In this patent infringement action, Defendant R/X Automation Solutions filed a motion in limine to exclude one of plaintiff’s experts. The district court concluded that the motion was an untimely Daubert motion because the district court had set a deadline for dispositive motions and Daubert motions.

The district court was not impressed with the excuse for the late filing. “Defendant’s excuse that it could not have known of the bases for the motion until after it took depositions of the experts is lame. Defendant had Dr. Derby’s report, for example, before the due date for Daubert motions. Everything that the ‘motion in limine’ complains of with respect to Dr. Derby is plain to see on the face of his report.”

Nevertheless, the district court decided it would address the motion on the merits because trial was approaching in the next two weeks.

The district court then turned specifically to Dr. Derby’s report and noted “[h]e appears to be well qualified to testify, for example, about how the various pill-counting machines work.

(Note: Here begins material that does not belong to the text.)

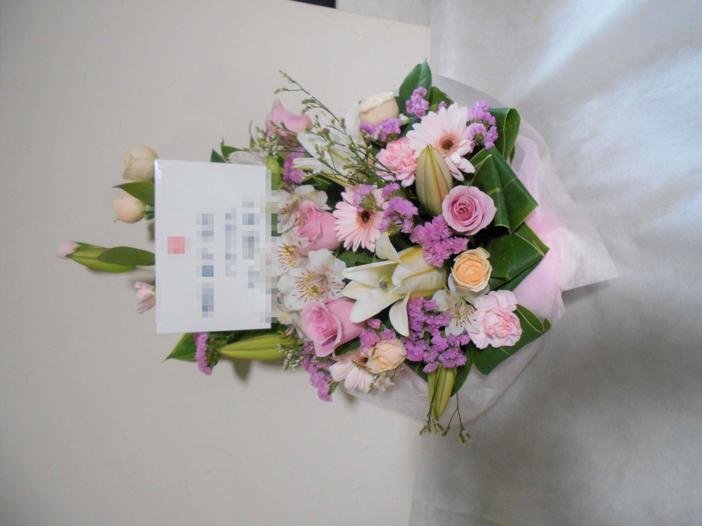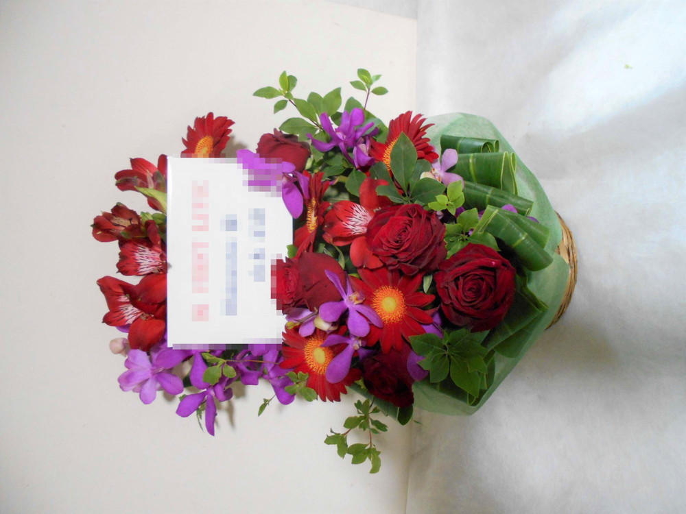 アレンジメントの実際にお届けした写真です。花秘書では発送前に写真をメールで送信致しますので安心して大切な顧客や取引様へのギフトにご利用頂けます。

He appears to be well qualified to compare the features of one machine to another. His technical knowledge of machine and engineering concepts will undoubtedly be of assistance to the jury.”

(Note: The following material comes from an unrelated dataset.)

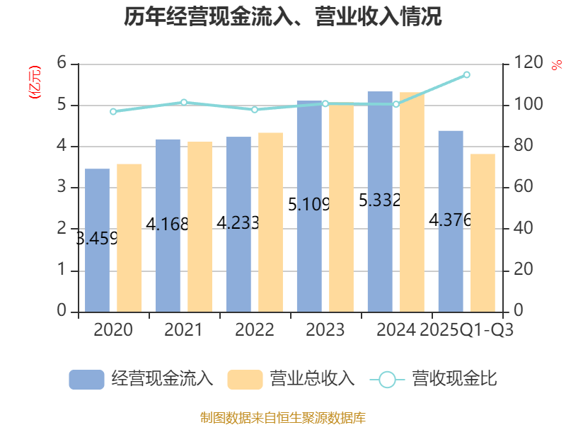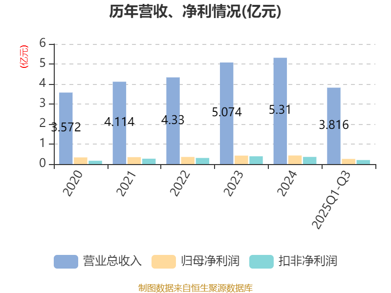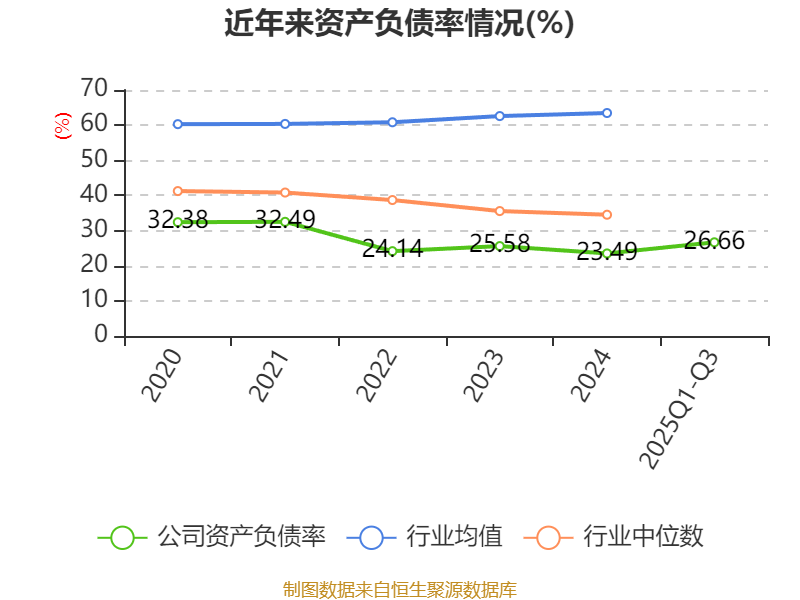 2025年前三季度,公司流动比率为3.3,速动比率为3.06。

But the district court also found that the report did not match the expert’s experience. “I find that much of it has nothing to do with his expertise as a mechanical engineer. Rather, it is apparent that counsel put him up to signing a document that, in very large part, expresses opinions that are not within his expertise. It is apparent that counsel drafted substantial parts of the purported Derby report and hope to use Dr. Derby essentially as a puppet through which counsel will lecture the jury on the law and why Knapp should win the case. This report goes far beyond the normal and appropriate cooperation of counsel and expert.”

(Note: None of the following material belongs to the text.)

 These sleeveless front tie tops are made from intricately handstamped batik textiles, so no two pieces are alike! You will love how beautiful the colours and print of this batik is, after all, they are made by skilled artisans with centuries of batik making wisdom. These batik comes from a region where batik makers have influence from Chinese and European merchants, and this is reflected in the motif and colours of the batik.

In particular, the district court found the expert’s report on legal standards was inappropriate. “For example, section VII of Dr. Derby’s report bears the heading, ‘Legal Standards.’ ECF No. 152-2 at 8. After acknowledging that he is not a legal expert, Dr. Derby sets forth in paragraph after paragraph his “understanding” of the applicable legal standards, even citing supporting case law. He expresses his “understanding” of such things as independent and dependent claims, the doctrine of claim differentiation, what a plaintiff must prove to establish infringement, contributory infringement, induced infringement, intent to encourage infringement, literal infringement, the doctrine of equivalents, etc. None of that is within his expertise. At best he has been spoon-fed the legal concepts and theories of counsel. Giving him the benefit of the doubt, I will assume that he was told that it is normal and proper for an expert to sign off on a report containing what amounts to a legal brief or a patent law seminar. It is neither normal nor proper.”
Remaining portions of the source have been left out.